ホラー映画のワンシーンかのような緊張感漂う仲、恐る恐るゆっくり振り向くと、なぜかそこには冷酷な目で俺を睨む美琴と猫の姿があった――。
「ど、どうした? 二人とも……」
「「お姫様抱っこってなぁに?」」
「あ、あれ? あんな騒ぎになったのに、二人は知らなかった……のかな?」
「圭太。もしかしてチョカをお姫様抱っこしたの?」
「圭ちゃん。どういうこと?」
「い、いや、やむを得ずだよ……。この前の昼休みにチョカが病気で倒れそうになってさ。病院連れて行ってもらうために、俺が抱っこして職員室まで運んだんだ。緊急だったから」
「圭太が先生呼びに行けばいいじゃんか。周りに誰もいなかったの?!」
「いや、玲央がいたけど……」
――玲央! なんだかよくわからないけど、うまく説明してくれぇっ――。
「え? 僕? 僕は先生呼びに行こうかって提案したんだけど、圭太が『それだと間に合わない!』って言い出してさ。

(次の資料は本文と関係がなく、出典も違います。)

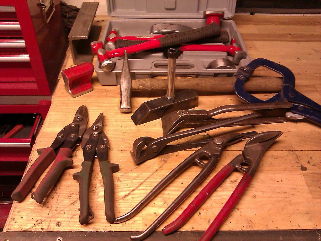 Lägger upp en bild på lite av mina plåtverktyg eftersom det blev en del verktygssnack här åxå för att vissa att man inte måste ha en hel verkstad för att banka lite plåt. Det går med ganska enkla grejer. Lådan med hammare och mothåll är ett Biltema kit som väl får räknas som halvfabrikat.. Jag har fräst nåt mothåll för lite räta vinklar och slipat lite här och där så det passar mej men liksom bra att ha . Knostret som nämndes har jag gjort själv MichaelTH så du måste inte sno kompisens verktyg..
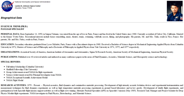 Trịnh Hữu Châu đã là niềm tự hào vĩ đại của người Việt khi anh hoàn tất hành trình bay vào vũ trụ cùng tàu con thoi Columbia lừng danh. Bạn có thể không biết được điều này, thế nhưng cả nước Mỹ biết điều này, hơn một nửa thế giới biết điều này. Trên trang bìa của nhiều tạp chí nước Mỹ đã xuất hiện gương mặt Trịnh Hữu Châu như là một kỳ tích châu Á tại NASA (Cơ quan hàng không vũ trụ Mỹ). Eugene Trịnh (tên khai sinh là Trịnh Hữu Châu) sinh ngày 24/09/1950 tại Sài Gòn. Ông là con trai út của kỹ sư công chánh Trịnh Ngọc Sang. Năm 1953, ông cùng với gia đình sang định cư ở Pháp, nơi đây chính là tiền đề phát triển sự nghiệp của chàng kỹ sư tài năng này.
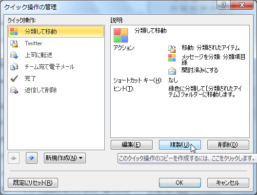 - [クイック操作の管理]ダイアログボックスが表示されるので、その中から複製したいクイック操作を選択し、[複製]ボタンをクリックします。
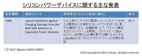 「Siパワーデバイス」でも注目すべき発表がある。TSMCはバイポーラCMOSのウエル側アンテナから電源ドメインにダメージを与える電荷注入を緩和するレイアウトを述べる(講演番号9C.1)。素子分離用ウエル、金属配線、ビア、ウエルで構成するテストパターンを開発し、ガイドラインに組み込んだ。n型埋め込み層を素子分離用ウエルとする1.3μmのBCD(Bipolar-CMOS-DMOS)プロセスでガイドラインの効果を検証した。
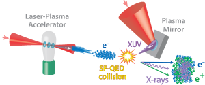Figure: Schematic diagram of a collision experiment between a relativistic electron beam generated by laser-plasma acceleration and a laser beam boosted in intensity using a plasma mirror with the aim of reaching the strong field QED regime with signatures such as the generation of gamma photons or positrons.

そしたら突然ラブコメの主人公みたいにお姫様抱っこしちゃってびっくりしたよ。僕も女子を抱っこして運ぶなんてどうかと思ったんだけどさ。あははは……」
――玲央。裏切ったな――。
「ち、違う! 待ってくれ! 俺もパニクってたんだよ! 少しでも早くチョカを病院連れて行かないと危険だと思ったから――」
「「へぇ~」」
「でも女子にあんなことしたのは無神経だった。反省してるし! チョカにも謝ったよ!」
「「ふ~ん」」
そして俺はなぜか、後日三人にラーメンを奢ることとなる。
どうしてこうなったのか意味がわからない。誰か説明してくれないか。